In 1878, five years after the Modoc Wars, residents of Linkville formed the "Linkville Water Ditch Company." They dug a low capacity canal that connected their homes with the Link River. A William Steele extended the ditch by 15 mi in 1884. After his death in 1888 the Klamath Falls Irrigation Company took over the canal. It is now known as the Ankeny Canal.

Charles and Rufus Moore dug a canal on the other side of the Link River in 1877 to power a sawmill and transport logs from Upper Klamath Lake. This later became known as the Keno Canal.

On February 24, 1917, officials from the USBR and COPCO reached an agreement to lease the Keno Canal for ten years at a rate of $1,000 per annum. The agreement also allowed the power company to regulate the outflows of Klamath Lake. In 1919, COPCO placed a temporary low-crib dam near what is now Putnam's Point in 1919. Construction began on the dam on July 29, 1920.

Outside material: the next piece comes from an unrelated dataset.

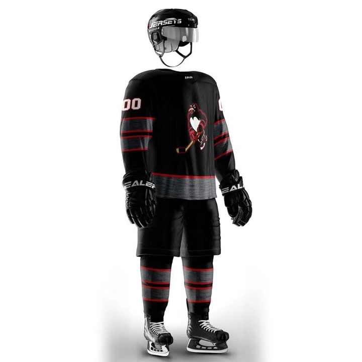 เครื่องแบบฮ็อกกี้น้ำแข็งผ้าระบายอากาศได้ดีแห้งเร็วพร้อมโลโก้ทีมและหมายเลขสำหรับเยาวชน

Senator George E. Chamberlain of Oregon telegraphed Secretary of the Interior John B. Payne on August 20, 1920, requesting he halt dam construction long enough to determine the legality of the 1917 contract. Payne issued a supplemental contract on December 10, and California-Oregon Power restarted construction on May 15, 1921, finishing it on October 29.

== Current operations ==

As a 50-year contract between the USBR and PacifiCorp reached its expiration in 2006, the company proposed closing down hydroelectric generation at Link River. It cited the high costs of complying with fish passage remediation. This proposal would have left the dam in place for water storage and flood control. (The proposal was distinct from the proposed removal of four other dams, operated by the same company in the same watershed.)

As of 2014 the company intends to continue to generate electricity at Link River, in the short term and at reduced output. PacifiCorp implemented changes of operation are intended to reduce the loss to two endangered species, the Lost River sucker and Shortnose sucker, by some 90%. Further decommissioning discussion remain pending with the governing agency, the Federal Energy Regulatory Commission.